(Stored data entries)
== Segment start ==

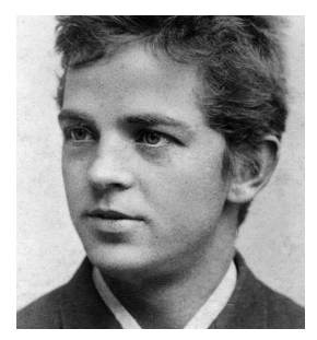
Born June 9, 1865, on the island of Fyn
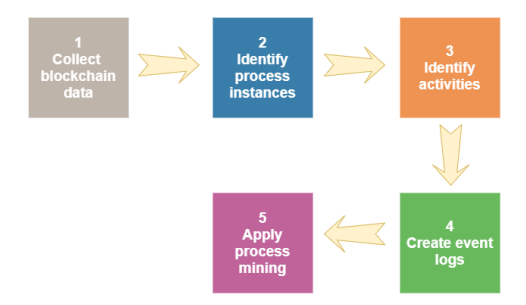
Figure 2. The steps for blockchain data preprocessing for process mining.
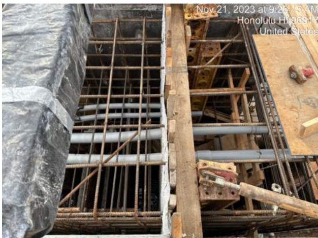
View of P9 of the capping beam on Pier 42
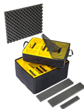
1637AirDS Padded Divider Set
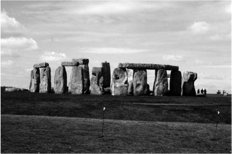
Stonehenge, Salisbury Plain, England, c. 3100–1500 BC
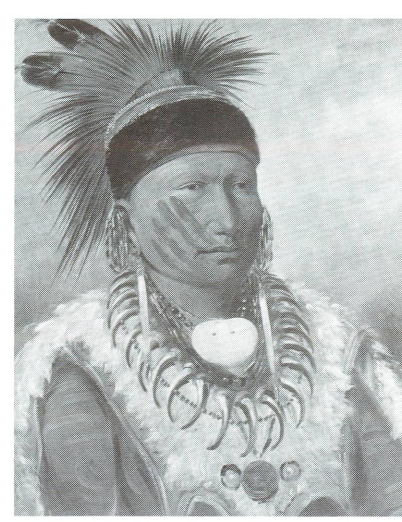
George Catlin. The White Cloud, Head Chief of the Iowas. 1844/1845, National Gallery of Art. Paul Mellon Collection

10:15 Survey Course: American Art: The 19th Century 12:30 Film: Alice Neel: Collector of 1:00 Gallery Talk: Mythological Themes in NGA Paintings

== Segment end ==

PROBLEM REQUIREMENTS :: Can you repeat every record above exactly, apart from the pictures?

YOUR RESPONSE ::
Born June 9, 1865, on the island of Fyn
Figure 2. The steps for blockchain data preprocessing for process mining.
View of P9 of the capping beam on Pier 42
1637AirDS Padded Divider Set
Stonehenge, Salisbury Plain, England, c. 3100–1500 BC
George Catlin. The White Cloud, Head Chief of the Iowas. 1844/1845, National Gallery of Art. Paul Mellon Collection

10:15 Survey Course: American Art: The 19th Century 12:30 Film: Alice Neel: Collector of 1:00 Gallery Talk: Mythological Themes in NGA Paintings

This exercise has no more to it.